What are the most common mistakes that candidates make in job interviews that cost them offers? How can these be avoided?
Answer by Yishan Wong:
I’ve interviewed literally hundreds of people, mostly for engineering positions and some in management.
Short of displaying outright incompetence (i.e. just clearly being unqualified for the job), here are some “silly” mistakes I’ve seen people make:
- being totally uninformed about the company they’re interviewing at.
- for popular consumer internet companies, not having created an account or tried out the product even minimally before coming to interview – shows you don’t do your homework.
- trying to show off and failing. Showing off is a gamble: if you pull it off, good for you. If not, expect no sympathy.
- lying about having been given a question before (by another interviewer) when the interviewer asks if you’ve gotten it before.
- lying in general, and then getting caught.
- claiming expertise on things in their resume they don’t know anything about and expecting not to get asked about them, and then failing miserably.
- swearing, or being excessively inappropriate in other ways.
- being disrespectful to some of your interviewers (I once had a candidate who was respectful to all his male interviewers and totally rude to all his female interviewers).

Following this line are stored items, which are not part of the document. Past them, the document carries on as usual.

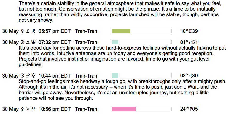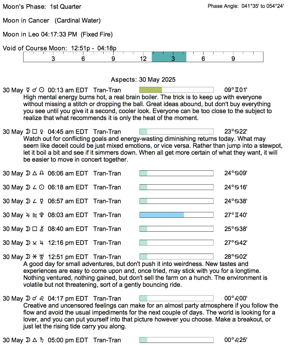 Planet Color Key: The longer the bar, the slower the aspecting planet, and the longer the duration of the planet’s transit.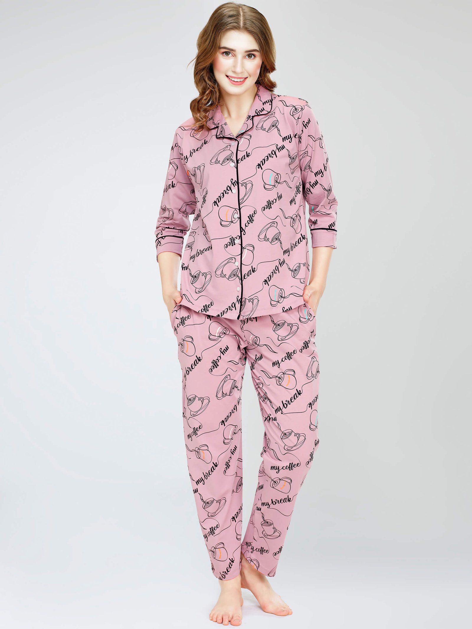• Mauve Cup & Saucer printed night suit consists of shirt and pyjamas
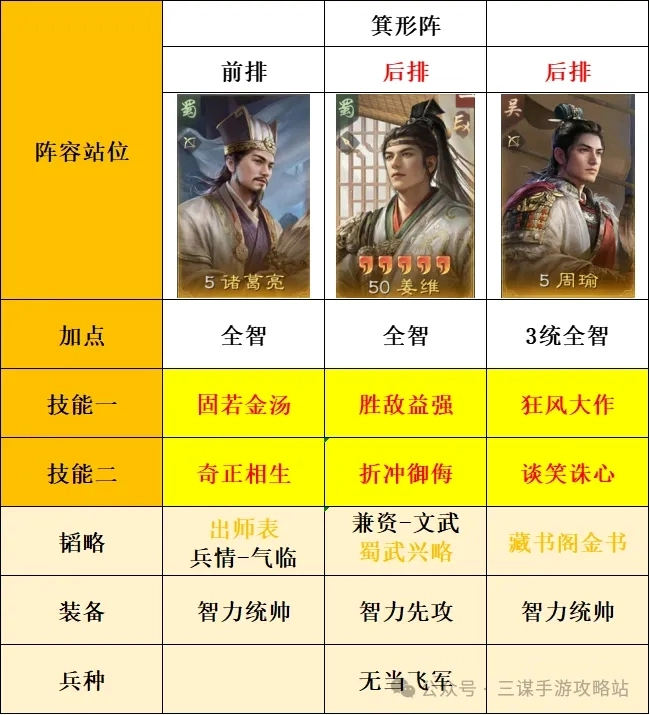这一队采用3C阵容配置,全员具备输出能力,但实际作战中诸葛亮主要承担前排扛伤职责,周瑜以施加debuff为核心任务,而姜维才是队伍的输出核心。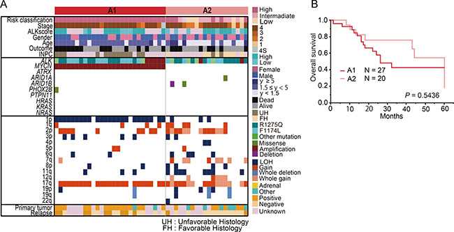 Figure 3: Genetic and clinical characteristics of group A (ALK mutation/amplification) (A) Landscape of genetic lesions in group A including 47 neuroblastomas with ALK mutation/amplification. According to the MYCN status, group A can be divided into the following 2 subgroups: group A1 (ALK abnormalities with MYCN amplification) and group A2 (ALK abnormalities without MYCN amplification). (B) Overall survival of neuroblastoma patients in groups A1 and A2.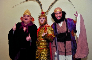 昨日,扮演唐僧的陈司翰缺席了活动,费振翔、谢宁和牟凤彬三人分别以孙悟空、猪八戒和沙僧的造型出现在媒体面前,造型与老版《西游记》颇为接近。针对老版特效不够逼真的问题,程立栋称,浙版花费了将近一千万元制作特效,每集的特效场景达到1/5。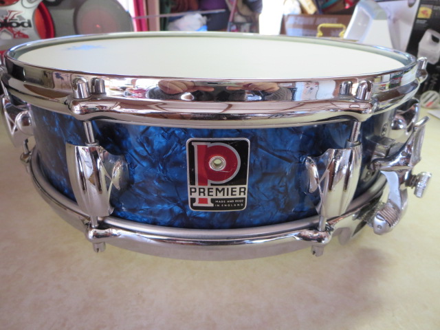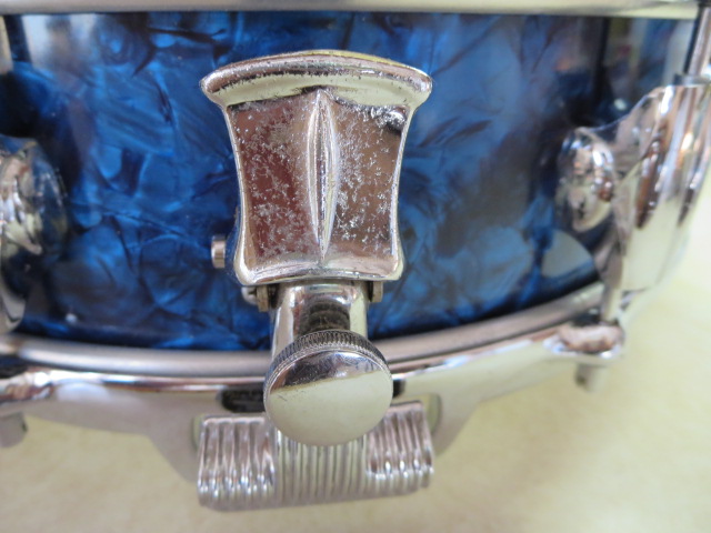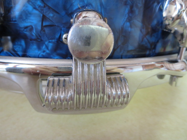The hoops are the late 60's Premier hoops..instead of the "beer barrel" eared originals...the reason being....the original hoops were quite pitted,and a drum this pretty needs nicer rims...and I happened to have a nice clean pair here....the difference in design is not all that noticeable at all...unless you know what to look for! That's how subtle it is...
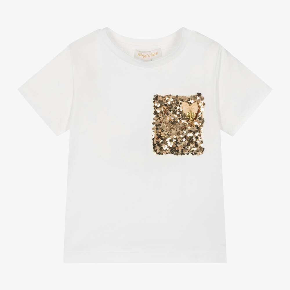 A lovely ivory short-sleeved T-shirt for girls by Angel's Face, made from soft and stretchy cotton jersey. Embellished with an iconic grosgrain ribbon bow and angel wings charm, it has a glamorous gold sequinned patch pocket on chest for an added touch of sparkle.

- outright insulting your interviewers, or really any group of people in general.
There are some straightforward ways to avoid these errors:
- do your homework about the company.
- know what you know, and know how to demonstrate it. This will make you both confident in yourself yet humble about what you don’t know.
- don’t lie, of course.
- be respectful in your thoughts, and it will show in your words.
- go along with them. They might ask you to jump through a few hoops – that’s fine, this is an interview and they probably have a routine. No one ever lost a job because the interviewer said, “Man, that guy was just way too willing to jump through all my hoops!” If it’s too excessive, you can easily decline the offer later, but it’s not worth it to prove how cool a rebel you are in the interview.